This will try to use your router as you primary nameserver and fall back to a public one if that fails.

If you are using dhcp and you have no nameservers, your /etc/conf.d/net setup is incorrect. The above is a test and workaround, not a fix

----------

## Etsh

done  :Very Happy: 

i forget to define my dns server  :Smile: 

thanx for all helped me

----------

## DONAHUE

changed /etc/resolv.conf as neddy suggested and you are in business, however...

If you did this step of the handbook:

 *Quote:*   

> Code Listing 2.2: Setting the domainname
> 
> # nano -w /etc/conf.d/net
> 
> (Set the dns_domain variable to your domain name)
> ...

 

resolv.conf is going to be overwritten each time you restart the nic (reboot). remove dns_domain_lo=" from /etc/net to prevent rewriting /etc/resolv.conf.

if you are running a nameserver on your local network you can add it to resolv.conf.

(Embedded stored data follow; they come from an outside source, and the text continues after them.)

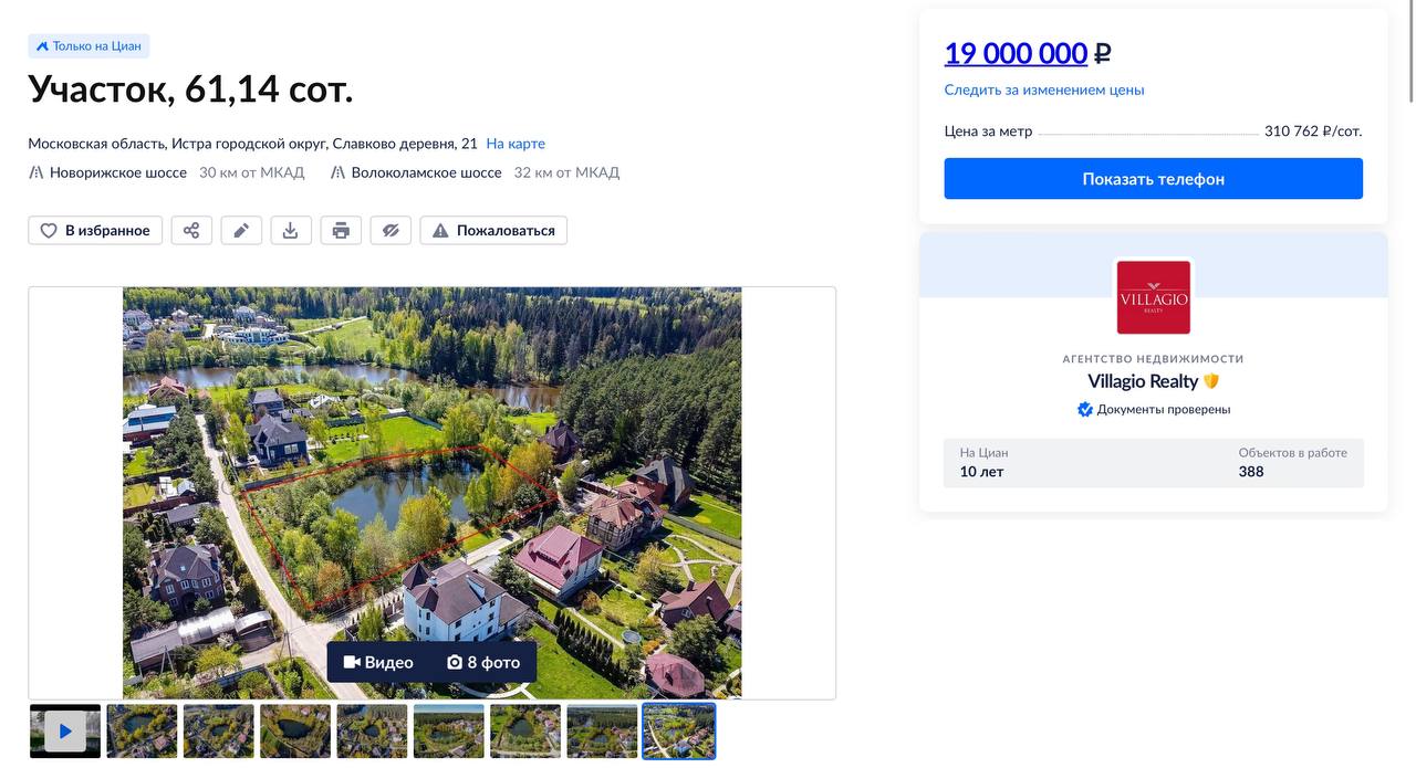 "Эксклюзивное предложение Villagio Realty. Загородный участок площадью 61,14 сот., назначение земли - ИЖС. Главные преимущества - цена и близость к Москве. Участок находится в деревне Славково в 25 километрах от МКАД. Деревня полностью газифицирована", - говорится в объявлении.
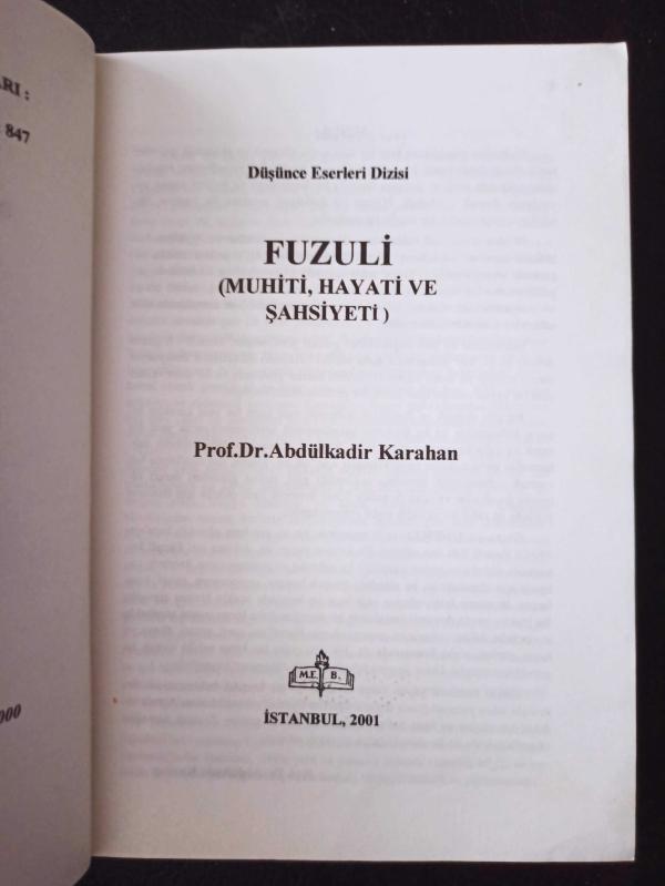 Fuzulî Muhiti, Hayatı Ve Şahsiyeti - Türkçe Kitap - Prof. Dr. Abdülkadir Karahan - Düşence Eserleri Dizisi -
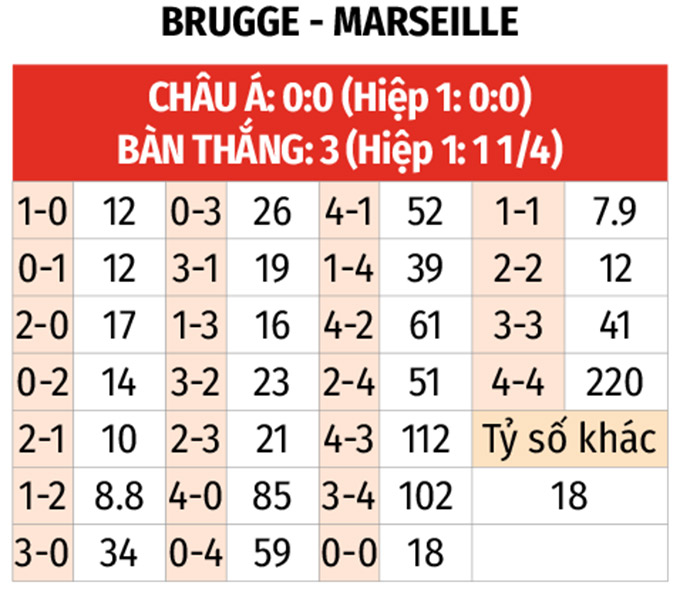 - Nhiều bàn thắng: 5 trận liên tiếp gần đây của Marseille đều kết thúc với ít nhất 3 bàn thắng được ghi. 5/6 trận vừa qua của chủ nhà Club Brugge thậm chí xuất hiện tối thiểu 4 tình huống làm bàn.
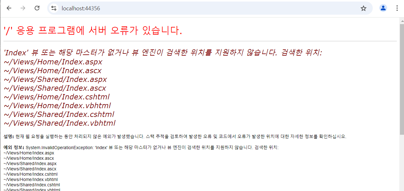 이 메시지는 MVC가 Views 폴더에서 Index라는 이름의 파일을 찾으려고 시도했지만, 파일이 없어서 발생한 것이다.
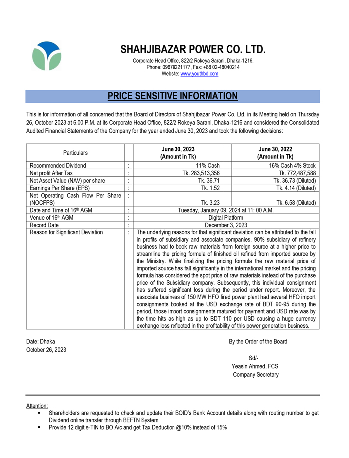 Price Sensitive Information of Shahjibazar Power Co. Ltd
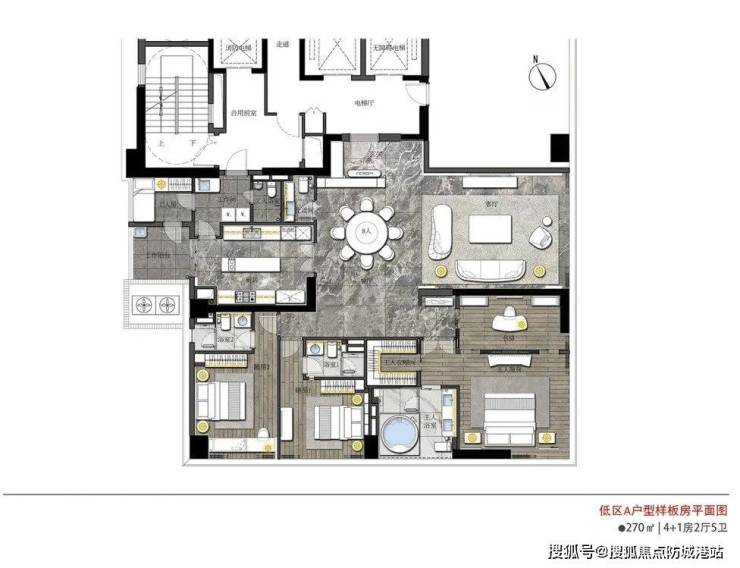 270㎡4+1房2厅5卫:精奢观景客厅尽揽胜景,双电梯入户私密会晤,270°环幕落地窗,功能区秩序整然,N+1柔性空间解锁多代/会客需求;
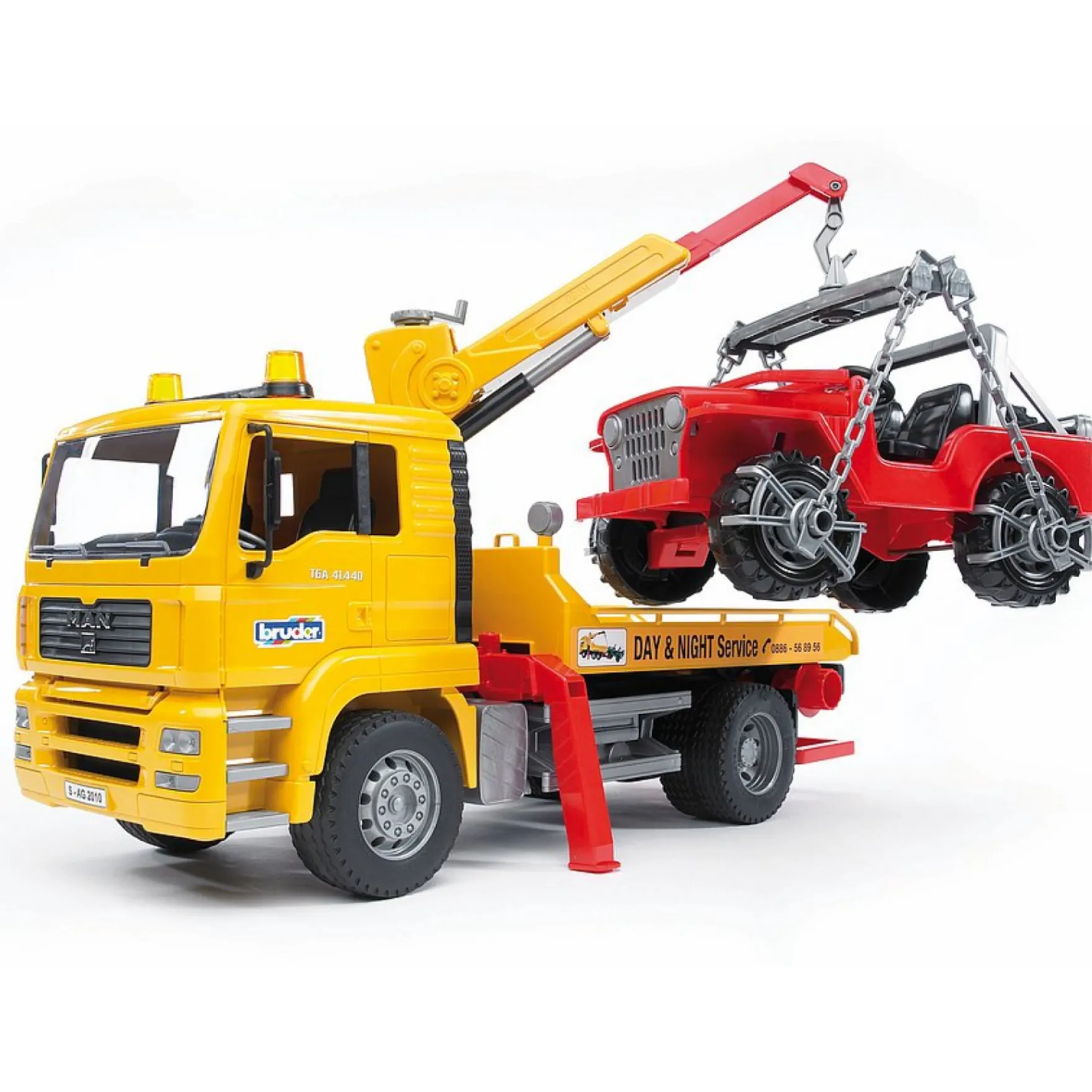 Iedereen heeft deze truck wel eens in actie gezien toen hij een voertuig dat betrokken was bij een ongeluk meenam om te repareren. Om voertuigen te bergen kan het laadplatform gedemonteerd worden en de kraan kan verlengd worden en kan draaien. De trekhaak is uitschuifbaar en het mechanisme voor het laden bestaat uit kettingen. Wielklampen zorgen ervoor dat het voertuig veilig en snel versleept kan worden. Wielblokken en uitschuifbare steunpoten zorgen voor stabiliteit en de banden met profiel maken het plaatje compleet. De kantelbare bestuurderscabine van de MAN zorgt dat je een blik op de motor kan werpen en de spiegels aan de cabine kunnen dichtgeklapt worden.
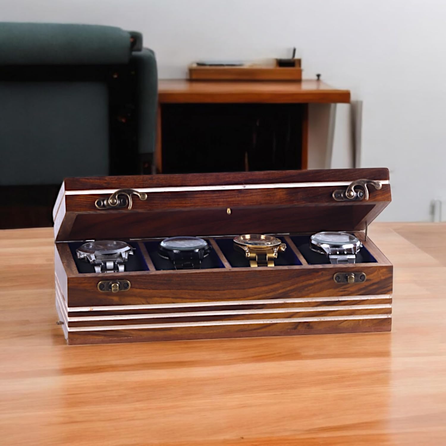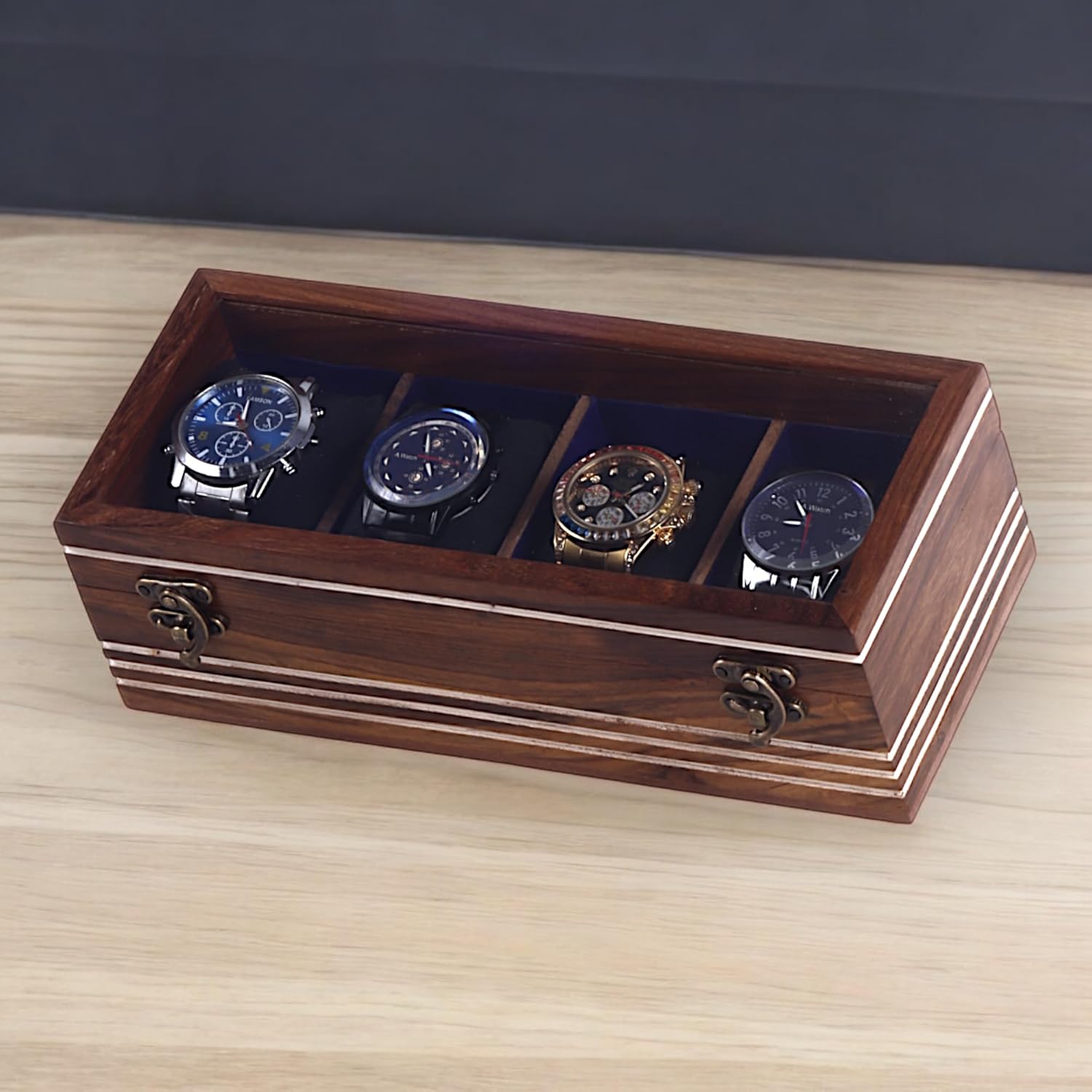 Dustproof Design: Keeps your watches safe from dust and other environmental elements. Lightweight Luxury: Indian Rosewood offers a luxurious feel without excessive weight

If your isp has a nameserver and your router is set to relay to it you can add the router to resolv.conf.

example:  

 *Quote:*   

> nameserver 192.168.1.2   # a local nameserver
> 
> nameserver 192.168.1.1   # the router relay to isp nameserver 
> 
> nameserver 4.2.2.1          # a public nameserver

 

The search for a nameserver will go in the order of the list

----------